How much can you lose?
According to Action Fraud, victims of investment fraud lost an average of £32,000 last year in swindles that included share sales, wine investments, foreign exchange and land overseas. One of the most common scams at the moment is the free pension review scam, with fraudsters seeking to capitalise on pension freedoms which give savers more flexibility on how to use their retirement pot.
How likely are you to get scammed?
A study by Citizen's Advice found nine out of ten people would fail to spot common warning signs of a pension scam, such as unusually high investment returns, cold calling and offers of free financial advice. The report titled 'Too Good To Be True', found 76% of people felt confident they could spot a fake, but of them only 12% succeeded in being able to tell which pensions offers were legitimate.
The free reviews and advice are designed to grab your interest, while leaving you in no doubt that they are the right people to help you. A recent YouGov survey by the Financial Conduct Authority (FCA) found that one in eight (14%) of over 55s who invested in financial products (such as stocks and shares) spent little or no time researching them before handing over the money.
Who's at risk?
Over 77% of victims reporting investment fraud are men with the average age of 65, but anyone thinking of investing should show due diligence.
Isn't it only the gullible who get scammed?
Investment fraudsters run sophisticated networks that look legitimate, from the professional websites and impressive brochures to the impeccable customer service and testimonials. Seasoned investors are also caught out, and the biggest individual loss recorded by the police is £6m.
Can they be stopped?
The authorities have been coming down hard on scammers, with multi-agency drives and police initiatives set up to combat boiler room fraud. Despite many arrests, last year over 3,000 reports of investment fraud were made to Action Fraud. Research by the FCA suggests that investment fraud often goes unreported, so the actual problem may be far greater.

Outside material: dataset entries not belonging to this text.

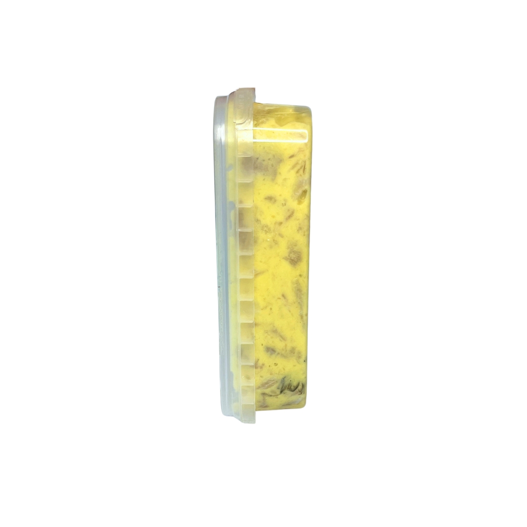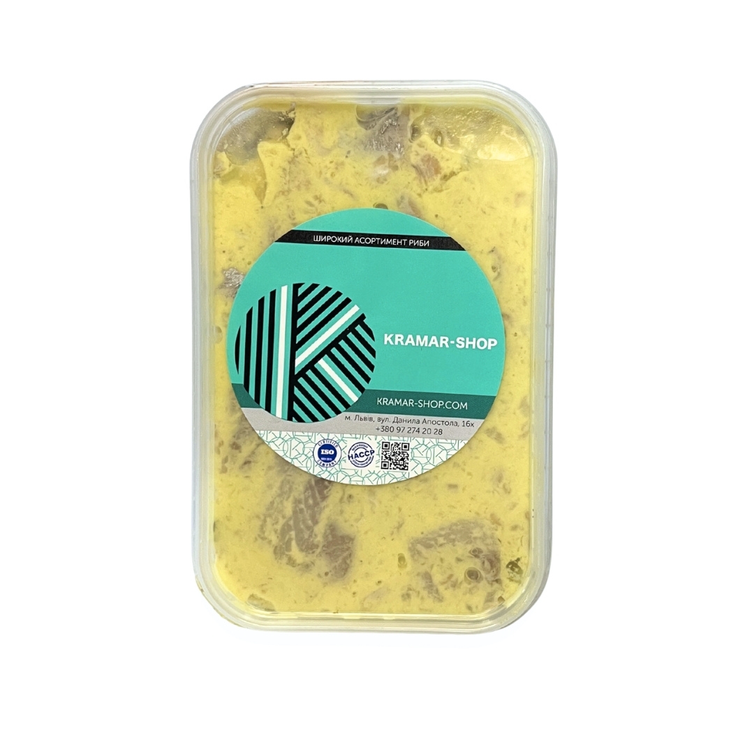 Склад: філе оселедця, майонезно-гірчичний соус (вода питна, олія соняшникова рафінована, крохмаль модифікований картопляний, сіль кухонна, кислоти оцтова, лимонна і молочна, бета-каротин; зерно гірчиці, цукор, куркума, коріандр, екстракт перцю духмяного); сіль кухонна, оцтова кислота.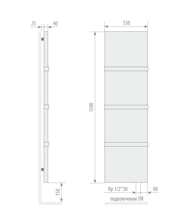 *Комплект настенных крепежей, установленных на корпусе радиатора - 4 шт.
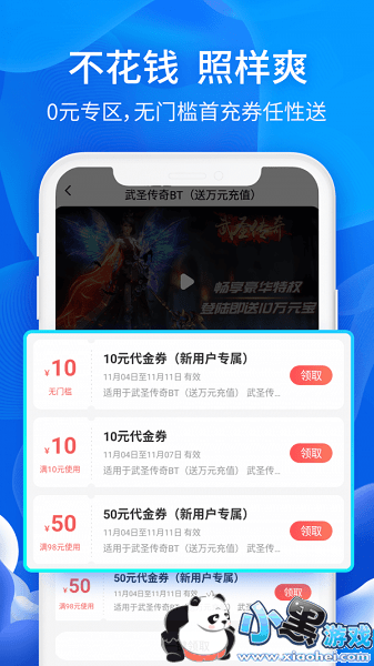 1、新人超值见面礼,免费送首充,代金券领到手软!更有畅玩省钱卡,每天领代金券;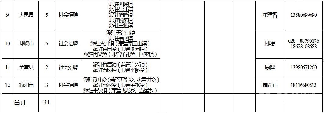 1﹒社會(huì)招聘招募區(qū)(市)縣:成都天府新區(qū)、新都區(qū)、郫都區(qū)、簡(jiǎn)陽市、都江堰市、彭州市、邛崍市、崇州市、金堂縣、新津縣、大邑縣、蒲江縣(具體信息詳見附件1)。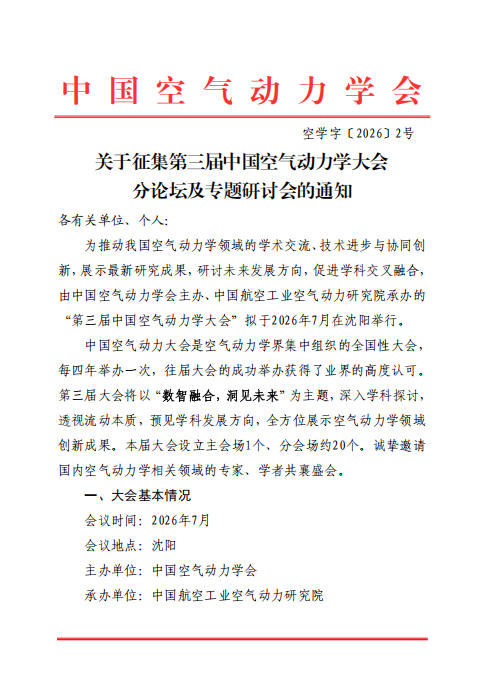 关于征集第三届中国空气动力学大会分论坛及专题研讨会的通知 平台管理员 2026-01-16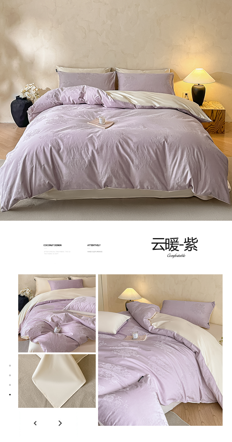 当前位置: 91家纺网 > 商品网购 > 床品套件 > 四件套 > 全棉普通四件套 > 涵宸家纺 2026新款全棉提花里拉系列四件套 云暖-紫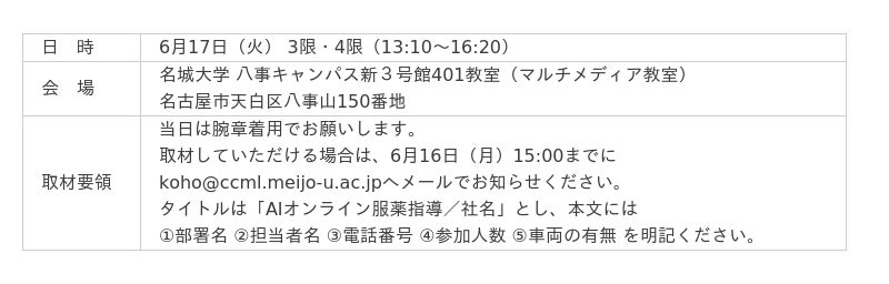 株式会社NTT ExCパートナー(エヌ・ティ・ティ エクシーパートナー 本社:東京都千代田区、代表取締役社長:矢野 信二)と学校法人 名城大学(名古屋市天白区、学長:野口光宣)薬学部の牛田誠准教授は、共同で「AIオンライン服薬指導学習システム」を開発しました。6月17日(火)の授業から新システムを用いた学習を始め、その様子を報道機関向けに公開※します。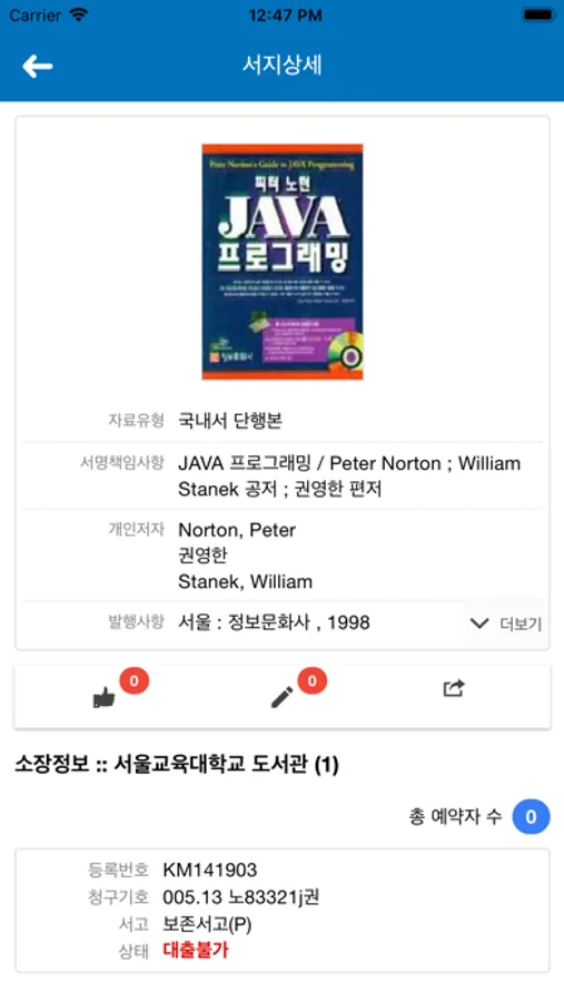 서울교육대학교 도서관 소장자료를 검색하여 소장의 상세 및 도서상태를 확인할 수 있으며 대출중인 자료에 대한 예약서비스를 제공합니다.

Before you invest with an individual or firm always verify their credentials. Do not use the links provided by them. Check to see if they are authorised or registered by the Financial Conduct Authority (FCA) using the Financial Services Register. Firms and individuals can only conduct regulated financial services activities in the UK if they are authorised by the FCA or registered to do so, or are otherwise exempt.
To learn about the potential pitfalls in relation to an investment offer, check the FCA Warning List.